Currently, there are fifteen to twenty million refugees.  There may be more.  There are millions of persons without a home, a community, a family, or any real belongings.  These individuals have experienced violence that few of us in the can imagine.  We sit in our safe havens, and occasionally, we watch the misery on television.  We read of their lives, and the plight these people suffer.  At times, some American citizens acknowledge that the refugees have lost their homes and their health.  Their existence has been threatened.  We know something; yet, we understand little.  Our lives in the U.S. are so separate from those that were banished from their homeland.  It is beyond sad.

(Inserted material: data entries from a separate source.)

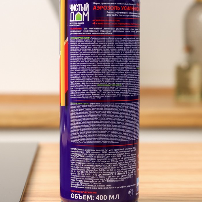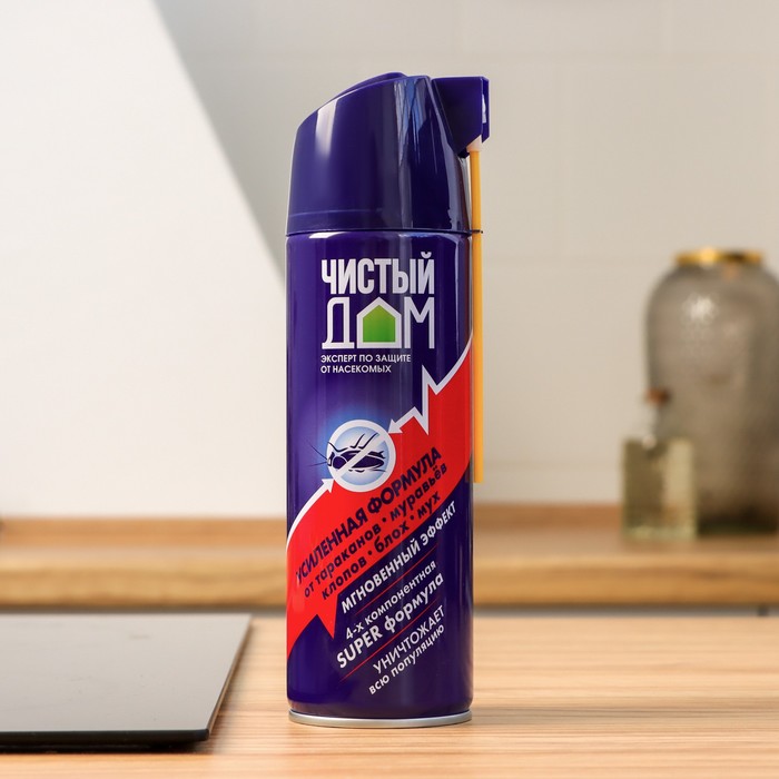 Аэрозоль "Чистый дом" является эффективным средством для борьбы с насекомыми в домашних условиях. Усиленная формула обеспечивает быстрое и надежное уничтожение насекомых, включая тараканов, муравьев, клопов и других вредителей.
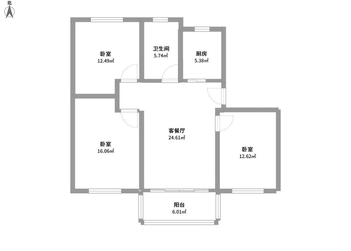 3室1厅1卫1厨1阳
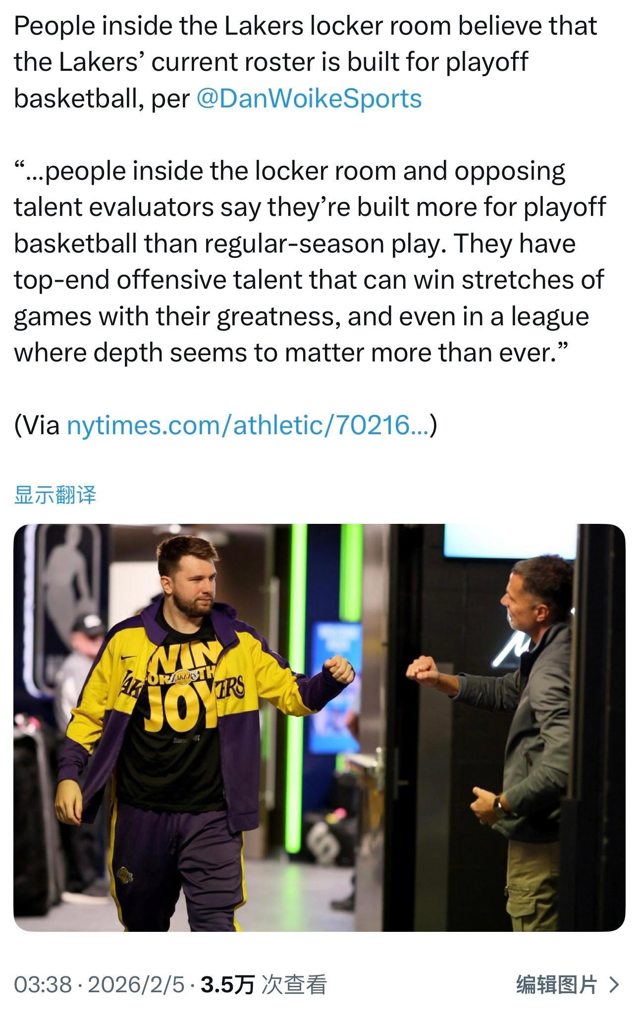 湖记Dan Woike:湖人更衣室内部人士认为,球队目前的阵容是为季后赛打造的。

As I reflect on the homeless in distant lands, I remember, there are those here in the United States that are also without permanent shelter.
During and immediately after Katrina and Rita, America’s poor and homeless were exposed to the elements; many still are.  The storms gave light to those less fortunate within our borders; however, only, temporarily.  

Some of these persons were seen by the masses; nevertheless, the focus was fleeting.  Not long after the hurricanes America’s impoverished, injured, and ill citizens were once again hidden.  These refugees joined the millions of American citizens who were without shelter before the squalls.  The numbers are staggering.  We may never have an accurate count for what we prefer to ignore.

Whether the life of a dispossessed American is as brutal as that of a refugee in distant lands, I know not with certainty.  Personal perspectives will differ.  I only know that I admit my own ignorance and this disturbs me.  I am bothered by my own complacency.  

The breath and scope of this situation is tragic.  Words such as Darfur, Sudan, and Rwanda are bandied about.  We discuss the unspeakable rapes in the Congo.  Yet, I suspect we do not relate, really.  

We sound so very informed; I think, truly we know nothing.  Few can fully imagine what life is like in these areas of the world.  

Citizens in the States say New Orleans is this nation’s lesson.  However, there is no real evidence that we are learning.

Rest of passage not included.